··· RECORDS TO PROCESS ···
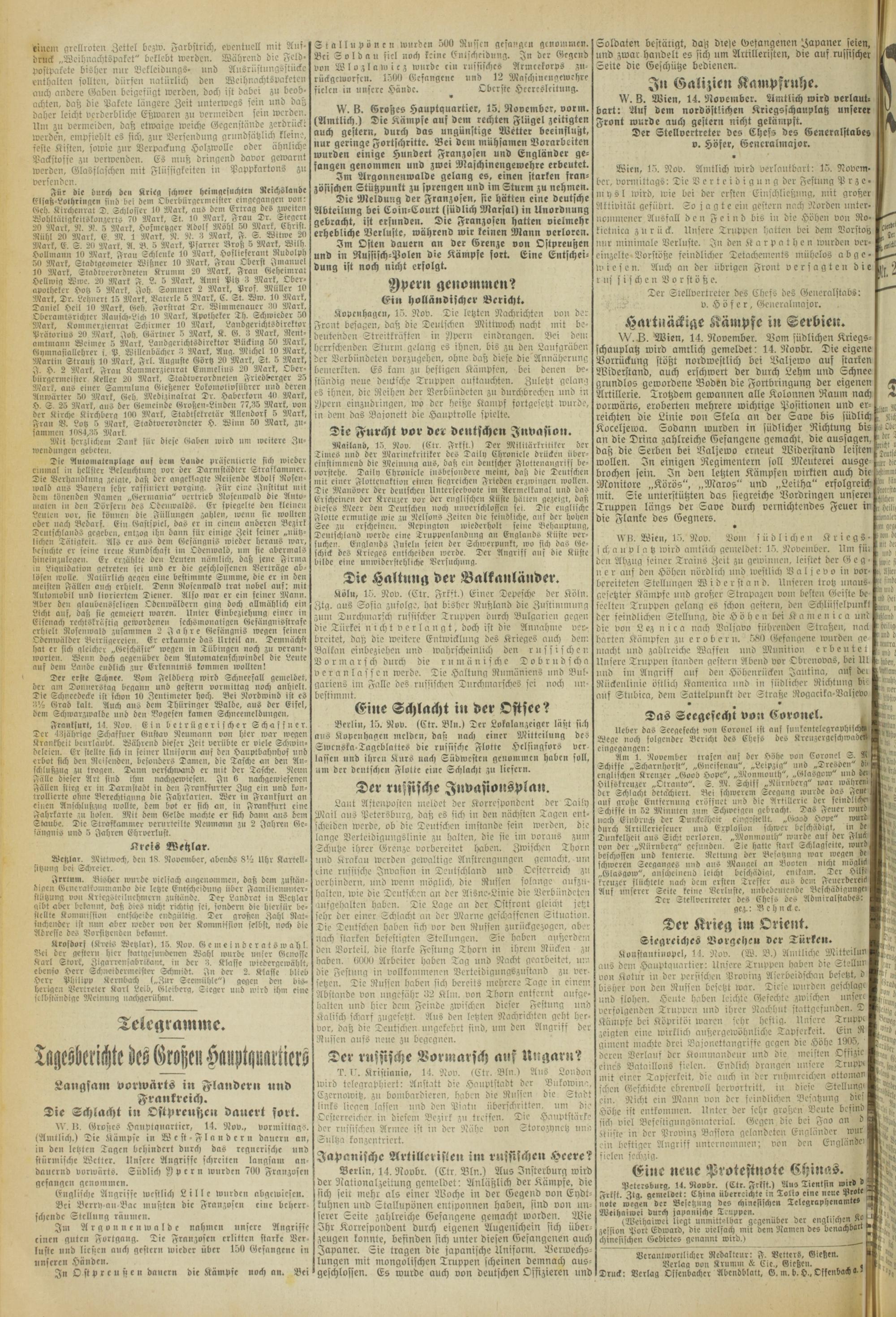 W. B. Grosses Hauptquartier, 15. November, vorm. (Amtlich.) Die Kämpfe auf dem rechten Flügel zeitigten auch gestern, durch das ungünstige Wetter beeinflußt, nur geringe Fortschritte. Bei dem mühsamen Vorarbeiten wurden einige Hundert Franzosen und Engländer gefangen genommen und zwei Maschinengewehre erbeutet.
···
··· RECORDS TO PROCESS ···
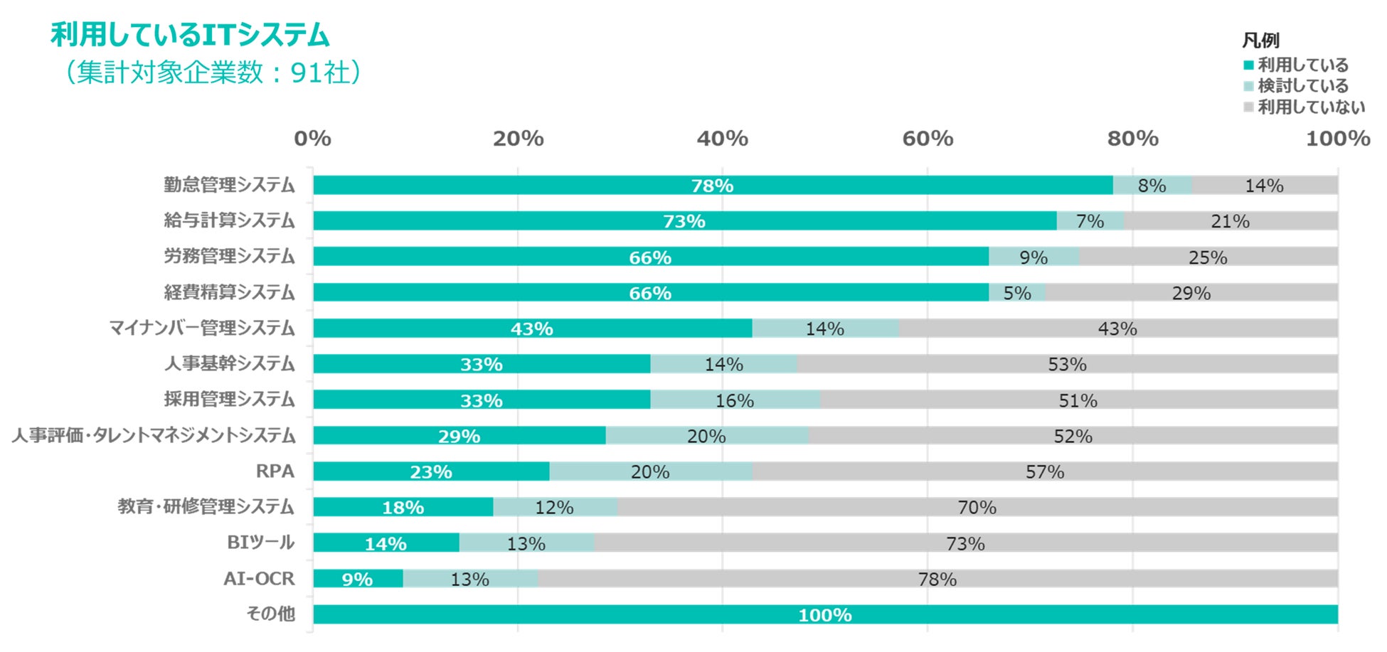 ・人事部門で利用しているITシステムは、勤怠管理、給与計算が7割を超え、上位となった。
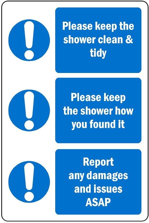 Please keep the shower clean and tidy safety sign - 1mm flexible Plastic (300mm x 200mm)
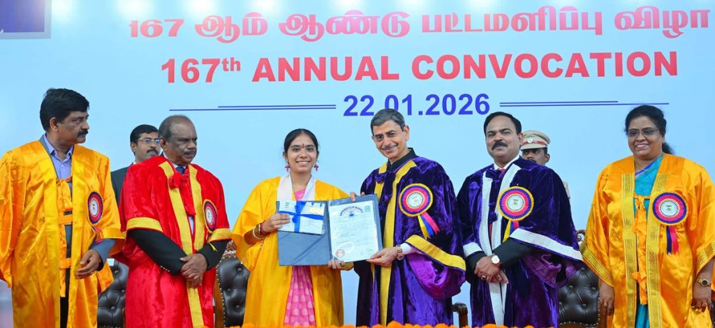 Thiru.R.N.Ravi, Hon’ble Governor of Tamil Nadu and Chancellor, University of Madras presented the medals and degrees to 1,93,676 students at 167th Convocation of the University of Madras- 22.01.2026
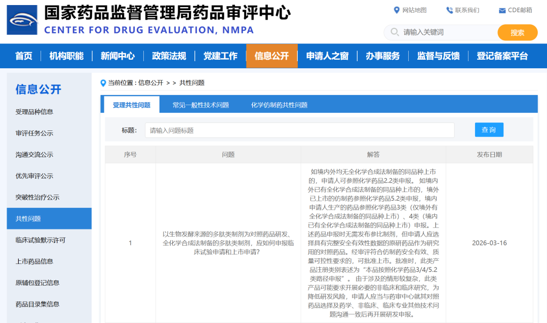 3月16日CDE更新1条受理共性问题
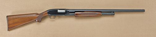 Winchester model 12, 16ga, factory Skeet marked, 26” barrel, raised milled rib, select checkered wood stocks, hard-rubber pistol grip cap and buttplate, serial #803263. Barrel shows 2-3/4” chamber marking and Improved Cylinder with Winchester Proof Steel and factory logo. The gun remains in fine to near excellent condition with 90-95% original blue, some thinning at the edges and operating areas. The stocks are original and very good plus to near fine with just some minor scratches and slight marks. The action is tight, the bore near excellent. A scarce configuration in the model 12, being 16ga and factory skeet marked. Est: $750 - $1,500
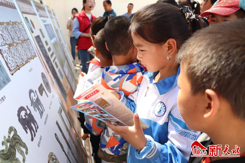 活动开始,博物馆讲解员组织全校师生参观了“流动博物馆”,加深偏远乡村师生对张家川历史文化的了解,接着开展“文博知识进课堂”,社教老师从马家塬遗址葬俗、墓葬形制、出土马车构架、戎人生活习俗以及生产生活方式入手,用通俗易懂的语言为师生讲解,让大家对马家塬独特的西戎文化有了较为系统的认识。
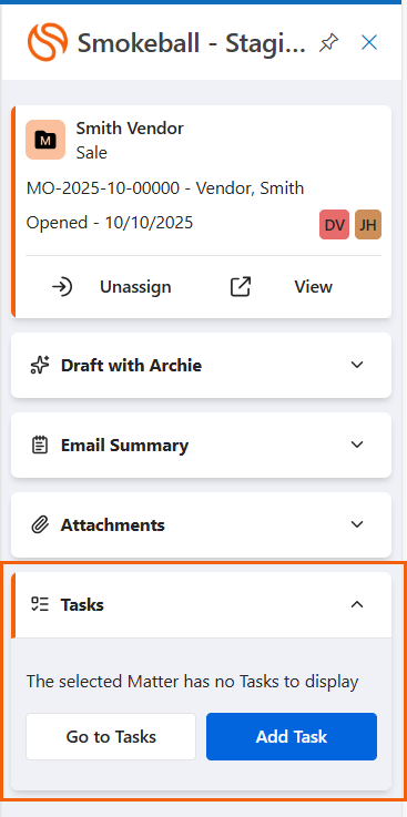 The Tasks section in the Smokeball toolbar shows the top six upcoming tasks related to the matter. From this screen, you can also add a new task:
···
PROBLEM DESCRIPTION
For this exercise, transcribe exactly the part of the records above that opens with the line containing "Winchester model 12, 16ga, factory" and closes with the one containing "活动开始,博物馆讲解员组织全". Pictures are not part of the copy.

ANSWER TO THE PROBLEM
 Winchester model 12, 16ga, factory Skeet marked, 26” barrel, raised milled rib, select checkered wood stocks, hard-rubber pistol grip cap and buttplate, serial #803263. Barrel shows 2-3/4” chamber marking and Improved Cylinder with Winchester Proof Steel and factory logo. The gun remains in fine to near excellent condition with 90-95% original blue, some thinning at the edges and operating areas. The stocks are original and very good plus to near fine with just some minor scratches and slight marks. The action is tight, the bore near excellent. A scarce configuration in the model 12, being 16ga and factory skeet marked. Est: $750 - $1,500
 活动开始,博物馆讲解员组织全校师生参观了“流动博物馆”,加深偏远乡村师生对张家川历史文化的了解,接着开展“文博知识进课堂”,社教老师从马家塬遗址葬俗、墓葬形制、出土马车构架、戎人生活习俗以及生产生活方式入手,用通俗易懂的语言为师生讲解,让大家对马家塬独特的西戎文化有了较为系统的认识。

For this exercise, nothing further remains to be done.